Fred Lebow: "The marathon is a charismatic event. It has everything. It has drama. It has competition. It has camaraderie. It has heroism. Every jogger can't dream of being an Olympic champion, but he can dream of finishing a marathon."
"If you are losing faith in human nature, go out and watch a marathon."
You might associate the term "marathon" with endless training, guys collapsing at the finish line, and runners with physiques like Greek statues. This may have been the case in the 60's, when sports medicine was in its infancy and only those with true genetic gifts could withstand the gruel of marathon training. Its just not the case anymore. Contemporary understanding of the human body has allowed any person, no matter how nonathletic, to run marathons within a few easy weeks.
When you've decided to run a marathon today, you'll be stepping into a wonderland of modern science. But what does that mean?
- It means you'll never have to run 26.2 miles before you run your first marathon.
- It means you'll have more energy than ever before, not less
- It means you'll be able to go from the sofa to a marathon within 12 weeks
- The benefits of running a marathon
- The benefits of running a marathon are endless. That big shiny trophy on your wall is a great way to make your mother proud, win your co-worker's respects, or, win that girl's respect. It’s an achievement you can hold dear for the rest of your life. If you're a father, you can show your children the benefits of dreaming big. If you're young, you can learn about the benefits of dreaming big.
- So, let's get to it: How to run a marathon with modern medicine on your side:
- Step 1: commit. Go to www.marathoncalendar.com and sign up for one in your neighborhood, 12 weeks from now. This is the first day for the rest of your life. Studies constantly show that when you have a financial stake, you will be more motivated to pull through.

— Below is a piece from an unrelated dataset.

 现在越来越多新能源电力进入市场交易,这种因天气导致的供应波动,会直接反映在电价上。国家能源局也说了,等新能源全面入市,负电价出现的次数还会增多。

- Step 1a: go to http://26point2medals.com/ and type in that calendar. Imagine yourself holding that trophy. Studies show that imaging success increases the odds of success.

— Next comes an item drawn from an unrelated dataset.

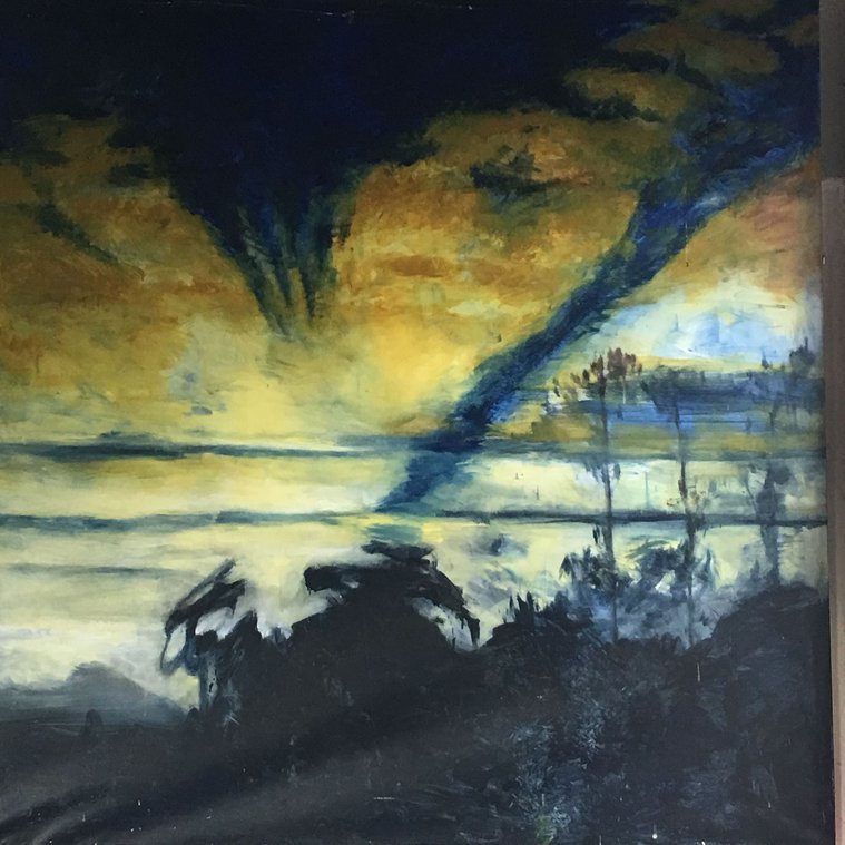 Elle y réalise des séries de toiles de grands formats en peinture à l’huile, inspirées de la nature (paysages en mouvement) et des hommes (et des femmes, du désir et de l’amour), parfois avec un double jeu, une autre lecture de l’œuvre : soit par un jeu de peinture phosphorescente visible en lumière UV (cherchez les lampes torches à disposition), soit par une recherche plastique qui oscille entre abstraction et figuration. Elle cherche, dans le geste et la matière, à transcrire l’expérience humaine dans sa profondeur, à travers ses propres émotions à rejoindre les autres.

- Step 2: Commit to a smaller step. Go to www.halfmarathons.net and find a half marathon 6 weeks from now. This is the first day of a better you.

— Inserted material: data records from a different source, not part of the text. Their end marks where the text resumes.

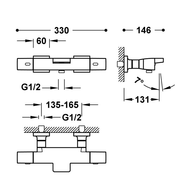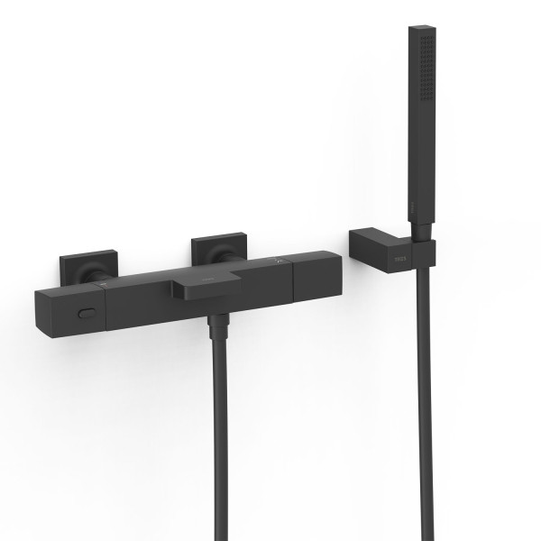Robinet thermostatique mural pour baignoire et douche. Douchette à main anticalcaire en laiton. Support orientable pour douchette à main. Flexible satin. Volant carré.
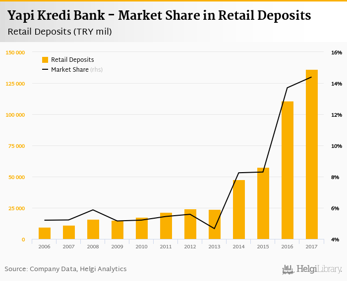 Yapi Kredi Bank accounted for 14.4% of all retail deposits taken by banks in Turkey at the end of 2017. Historically, the bank’s market share in retail deposits reached an all time high of 14.4% in 2017 and an all time low of 4.66% in 2013.
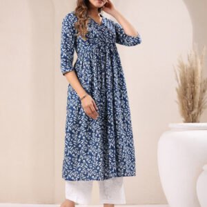 Indigo Pure Cotton Floral Printed Pleated Kurta
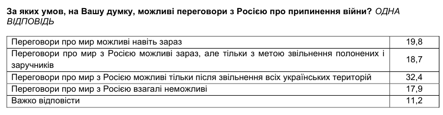 Близько третини українців (32,4%) вважають, що початок переговорів з Росією про припинення війни можливий лише після звільнення всіх українських територій.

- Step 3: Run 1 mile today.
- As for your training in the next 12 weeks:
- Use HIIT + 5-10-20 rule. Understanding how the human body works is important to understand why the marathon is so hard.
- High Intensity Interval Training (HIIT):
- 2 minutes gentle pedalling followed by 20 seconds of cycling flat-out for 4 cycles (a 10 minute workout) has been shown to be just as effective as a 30 minute run. HIIT is the best way to move your training forward and has been shown to be just as effective as long distance runs of 5,10, and even 20 miles! It smashes old notions that you have to be a slave to running every single day to gain the cardiovascular endurance to run a marathon, and its actually been proven to be SAFER than running long distances in your training.
- To customize your workout, see this fantastic blog that goes into more detail: http://www.shutupandrun.net/2012/07/go-faster-leaner-and-longer-with-hiit.html
- For longer runs, use the 5-10-20 rule. It means one day, you run 5 miles. The next time you are scheduled to go long, run 10. The final long run, go 20. These are essentially equivalent in difficulty. Ramping up from 5 miles to 20 miles is no harder than going from sofa to 5 miles. Once you've hit the 5 mile mark (try for 1 month in), then go 10 miles the week after. That means at 5 weeks (and 1 week before your half marathon), you'll have run only 3.1 miles short of a 10 miler.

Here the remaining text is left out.